Let’s be honest: MCP (Model Context Protocol) was supposed to be the universal connector between AI models and the real world. A clean, structured protocol that lets your AI agent talk to any tool through a standardized interface. Sounds great in theory. In practice? I’m increasingly reaching for good old CLI tools instead — and I’m not alone.

After months of building AI agent solutions and working with both approaches in real-world enterprise scenarios, here’s my take: CLI tools are the better choice in many cases, and the reason is surprisingly simple — context efficiency.

The Problem with MCP Nobody Talks About

MCP works. I’m not saying it doesn’t. But here’s the thing that hit me after integrating multiple MCP servers into agent workflows: MCP is a context hog.

A typical MCP server doesn’t just expose the tools you need. It dumps an entire schema into your agent’s context window — tool definitions, parameter descriptions, authentication flows, state management, the whole package.

Let me show you what I mean. Here’s what happens when you connect a popular GitHub MCP server:

{
"tools": [
{
"name": "create_issue",
"description": "Create a new issue in a GitHub repository",
"inputSchema": {
"type": "object",
"properties": {
"owner": { "type": "string", "description": "Repository owner" },
"repo": { "type": "string", "description": "Repository name" },
"title": { "type": "string", "description": "Issue title" },
"body": { "type": "string", "description": "Issue body content" },
"assignees": { "type": "array", "items": { "type": "string" } },
"labels": { "type": "array", "items": { "type": "string" } },
"milestone": { "type": "integer" }
},
"required": ["owner", "repo", "title"]
}
}
// ... repeat this for 92 more tools
]
}

That’s one tool definition. The full GitHub MCP server ships with 93 tools. Total context cost? Around 55,000 tokens — before you’ve even asked a single question. That’s roughly half of GPT-4o’s context window or a significant chunk of Claude’s budget gone just for the plumbing.

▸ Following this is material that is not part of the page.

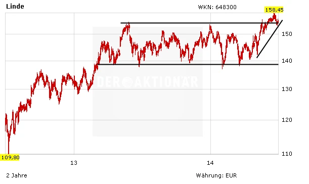 Der Linde-Aktie ist es gelungen, den Ausbruch aus dem Seitwärtstrend zu bestätigen. Der Wert notiert derzeit über der Marke von 155 Euro. Ein positiver Analystenkommentar des US-Analysehauses Bernstein Research könnte nun weiteren Schwung geben, um den Aufwärtstrend fortzuführen.

Now stack multiple MCP servers. A typical enterprise agent might need GitHub, a database connector, Microsoft Graph, and maybe Jira. You’re easily looking at 150,000+ tokens of tool definitions alone.

Compare that to CLI:

gh issue create --repo my-org/my-repo --title "Bug in auth flow" --body "Steps to reproduce..."

The model already knows gh. Zero schema tokens consumed. The entire interaction — command plus output — might cost you 200 tokens.

The Token Math That Changed My Mind

I ran a side-by-side comparison on a real task: “List all non-compliant Intune devices and export their details to a CSV.”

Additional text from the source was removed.